Twitch did not respond to a request for comment for this report.
During the convention, the Trump campaign’s Twitch account limited its chat to “emote” only, meaning much of the offensive commentary was restricted to in-jokes using racist emojis — squinting faces during Chinese civil rights activist Chen Guangcheng’s speech, images suggesting Black men hanging in trees whenever a Black speaker took to the podium and people of color shooting each other during an immigrant naturalization ceremony. Men with large noses appeared when Secretary of State Mike Pompeo spoke from Jerusalem.
Often, the “TriHard” emote — an image of Black Twitch personality TriHex, which has been co-opted by racists on the platform — appeared when Black speakers came onstage, next to photos of flames and whips.
Posting emotes of Black men during livestreams with Black gamers is a common racist trope on Twitch, Uhl said. “KFC had a bucket of chicken emote and people would put it next to TriHex,” he explained. “But this is like, way worse.”
Whenever female speakers came onstage — from First Lady Melania Trump and top Trump fundraiser Kimberly Guilfoyle to Republican Sen. Joni Ernst and Second Lady Karen Pence — a slew of creative emotes would pop up, indicating sexual attraction or lack thereof.
The GOPConvention chat, on the other hand, was more unfiltered, lurid and juvenile when it came to women, with users openly fantasizing about Melania’s feet as she spoke, or expressing happiness that Kayleigh McEnany was now Trump’s press secretary.
Commenters also disparaged speakers from all angles, chastising former United Nations Ambassador Nikki Haley, a possible 2024 presidential contender, for her lack of MAGA fealty, mocking Trump’s son Donald Trump Jr. for his “drawn on” beard, and dismissing Mark and Patricia McCloskey, the St. Louis couple who went viral when they waved guns at Black Lives Matter protesters outside their home. “Lock these clowns up,” wrote user NotYourAverageTrumper.
And “shitposting” — the art of posting low-quality, unrelated comments intended to derail conversations, such as “JEB 2020,” “trump trump trump trump trump,” or “play tony hawk” — was rampant.

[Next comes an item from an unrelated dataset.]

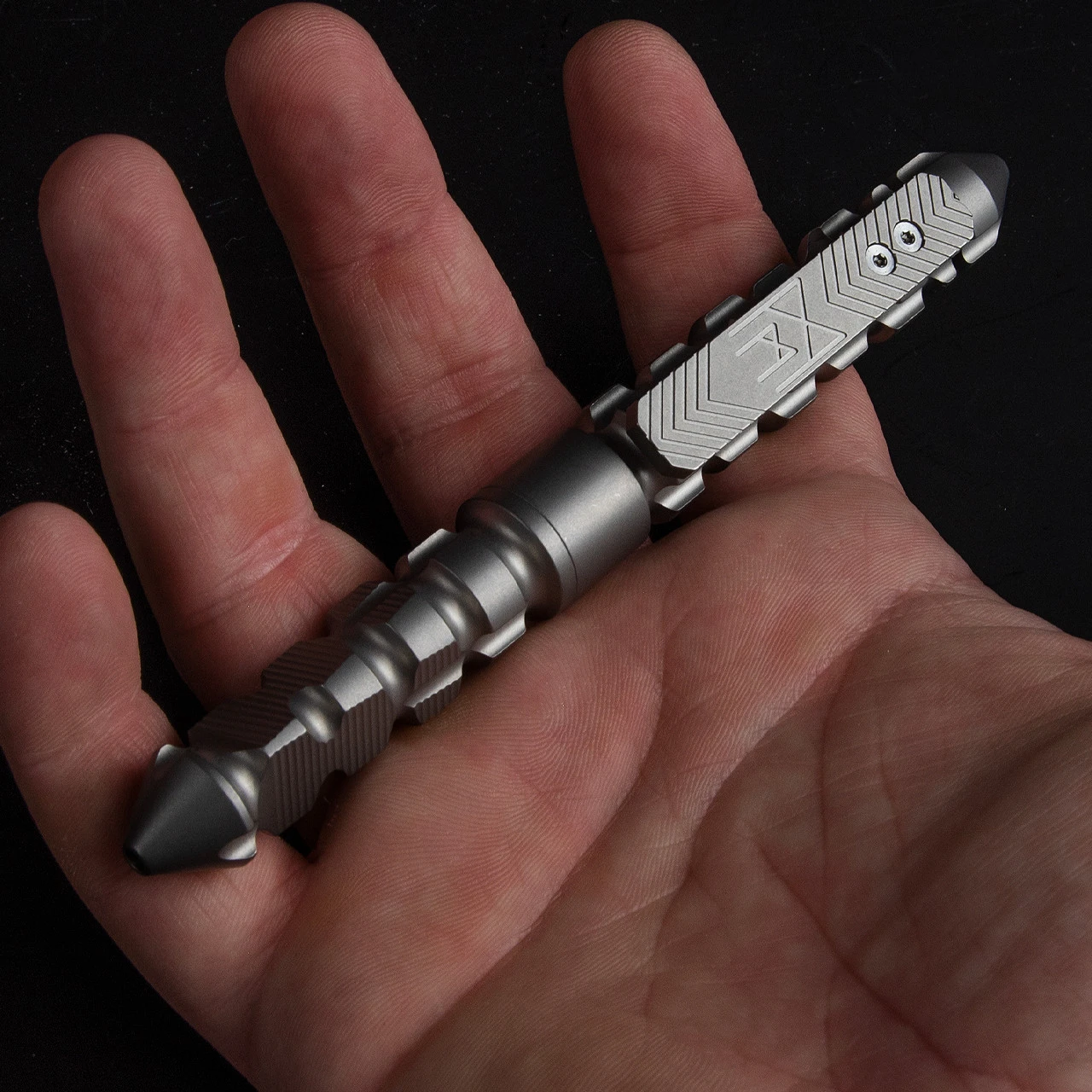 The Midgards-Messer Fat Boy Pen is an extraordinary piece of engineering. Part pen, part Dr Who tool it features a bolt action opening mechanism incorporated into the pocket clip and a glass breaker at the non-writing end. It is supplied with a Schmidt refill but will also take a Fisher Space Pen refill.
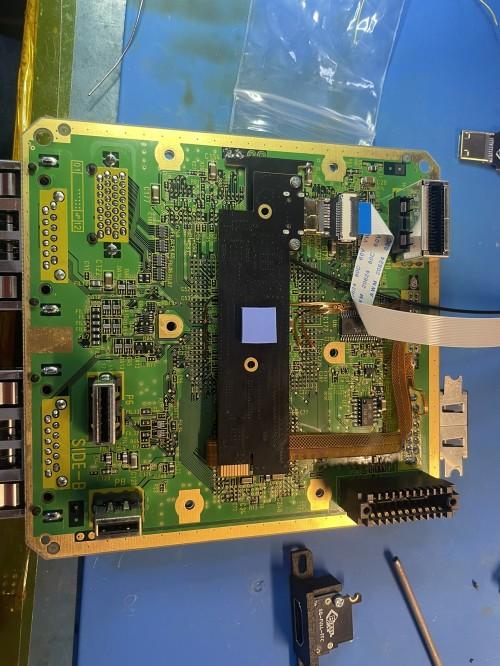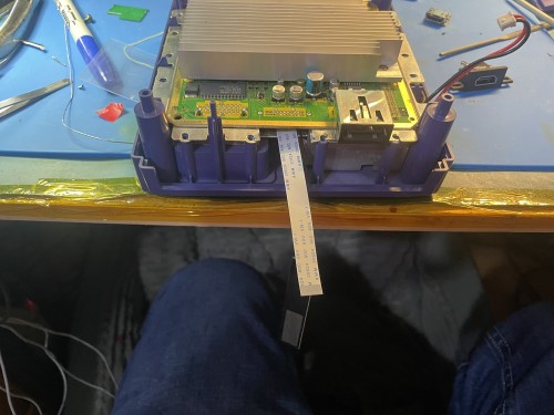 Put the thermal pad on the back of the GEM as shown. Insert the FFC connector and route to the connector you removed. If doing the GCDual mount, go out the side like existing gcdual.

It’s that quality of commentary, Nicole said, that suggests the far-right was not as massive on Twitch as it is on YouTube, Twitch’s biggest livestreaming competitor, which has in recent years struggled with the proliferation of conspiracy theories and offensive content on the site. Notably, the convention turned off live comments on its YouTube livestream.
But the large Twitch audience does speak to how well the Trump campaign has won over a segment of younger people, Nicole said.
“I don’t think it’s as large as their loudness makes it seem,” she said. “I think that they are the minority on Twitch, at least. But that’s my gut feeling. They are very loud, though.”